Refinery conversion and closures: this is the shortest summary of things happening in the downstream industry right now. With the pandemic wreaking havoc on oil—and fuel—demand, refiners have found themselves not simply saddled with excessive stocks but facing a future that is shaping up to be quite different from the past.

In recent months, French Total announced the conversion of its La Mede refinery in southern France into a biofuels plant with a capacity of 500,000 tons per year.

“Biofuels are fully renewable, and an immediately available solution to cut carbon emissions from ground and air transportation,” Total’s president for refining and chemicals operations, Bernard Pinatel, said at the time, as quoted by Reuters.

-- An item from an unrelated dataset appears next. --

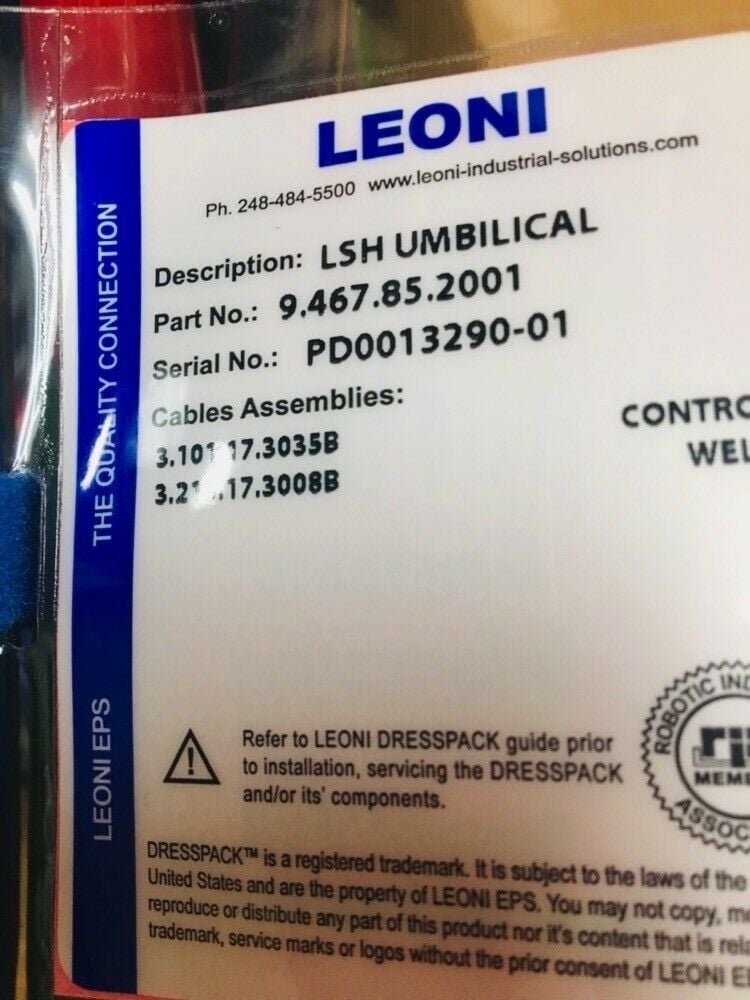 New | LEONI 9.467.85.2001 LSH ROBOT UMBILICAL CABLE DRESSPACK CONTROL & WELDING.

The remark illustrates one of the drivers of this change that has driven all European oil companies to make major commitments in the field of renewable energy while moving away from their core business. Everyone is on a net-zero path these days.

In the United States, where the pressure to go green is definitely not as strong as it is in Europe, Marathon Petroleum recently applied for permits to convert its Martinez refinery into a biofuels plant because the demand for biofuels will be rising thanks to California: in California, the pressure to cut emissions is strong. And in the end, it all comes to demand and supply.

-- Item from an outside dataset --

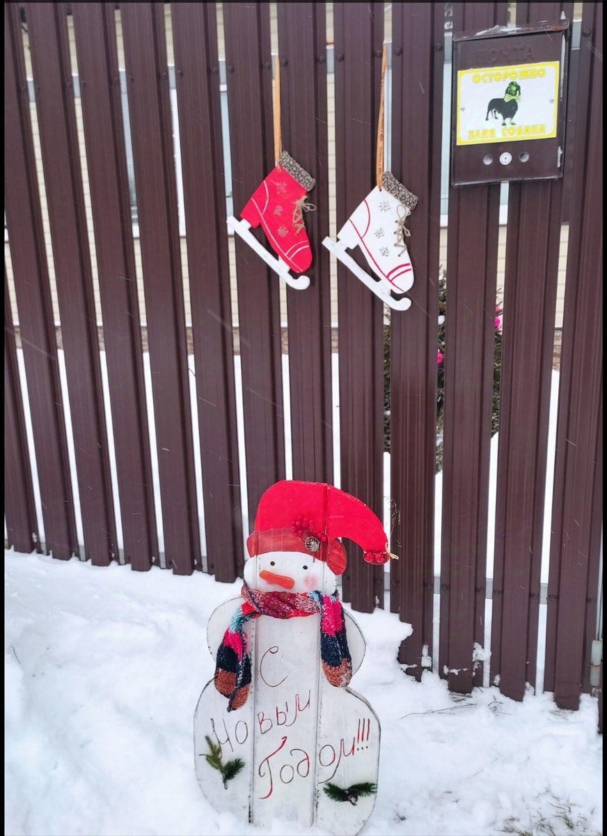 Добрый день всем! Садовый сезон закрыт, начала я потихоньку готовиться к Новогодним праздникам. В том году у моей калитки стоял охранник. Было много размышлений и комментариев, что снеговичок сделает ноги. Но в нашей деревне оказались очень порядочные жители, достоял до весны! В комплект к снеговику я смастерила коньки, а в проекте были ещё и саночки. Но до них тогда руки не дошли, а сейчас решила завершить композицию. После стройки осталось много обрезков вагонки, из них и буду мастерить. Выпилила полозья и два бруска для соединения. 5 реек 3 см на 18 см для сиденья. Всё отшлифовала и стала соединять. Чтоб рейки не лопнули, вначале сверлила отверстия, затем скручивала саморезами. Декоративные сани готовы. Покрасила в белый и красный цвет. Контуром нарисовала снежинки. И верёвочку от Палыча. Сани ждут снега! Как только наступит зима со снегом, снеговик с коньками и санками отправится на улицу. Спасибо за внимание, 👍, подписки! Всем мира и добра!

Fuel consumption in both Europe and North America has been flat or on the decline for more than a decade, Reuters’ John Kemp wrote in a recent column. The situation was the same in Japan, and the trend was not a result of a crisis. No, it was a result of fuel efficiency gains. These gains, in turn, shrank the fuels market in these key locations. The effects are only becoming painfully obvious now because of the effect the pandemic has had on demand as a whole.

Shell, for example, said earlier this month it would be shutting down its Convent refinery in Louisiana because it could not find a buyer for the facility. Separately, the supermajor said it would halve the capacity of its largest refinery in the world, Pulau Bukom in Singapore.

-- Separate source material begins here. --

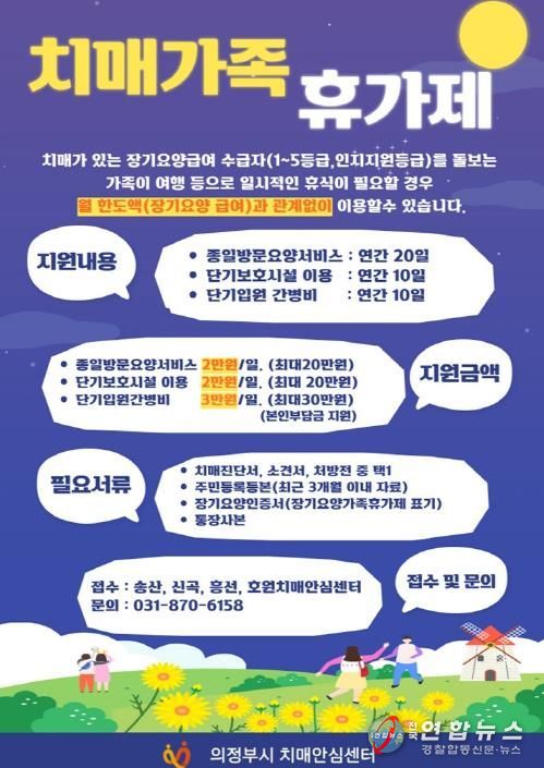 전국연합뉴스 박점규 기자 | 의정부시 보건소 치매안심센터는 치매 환자를 돌보는 가족의 돌봄 부담을 완화하고 건강한 휴식을 지원하기 위해 치매가족돌봄 안심휴가지원 서비스(치매가족 휴가제)를 운영하고 있다.

“Our businesses in Singapore must evolve and transform, and we must act now if we are to achieve our ambition to thrive through the energy transition. Our decisive action today will help Shell in Singapore stay resilient and build a cleaner, more sustainable future for all of us,” said Aw Kah Peng, Chairman of Shell Companies in Singapore, said commenting on the news.

Refinery closures are being announced around the world in response to the bearish outlook for fuel demand not just over the short but also over the long term as EVs take center stage, with carmakers spending billions on their electric car manufacturing platforms and preparing a host of new models due to hit the market in the next few years. Nobody seems to expect a recovery of oil demand to a state of solid growth.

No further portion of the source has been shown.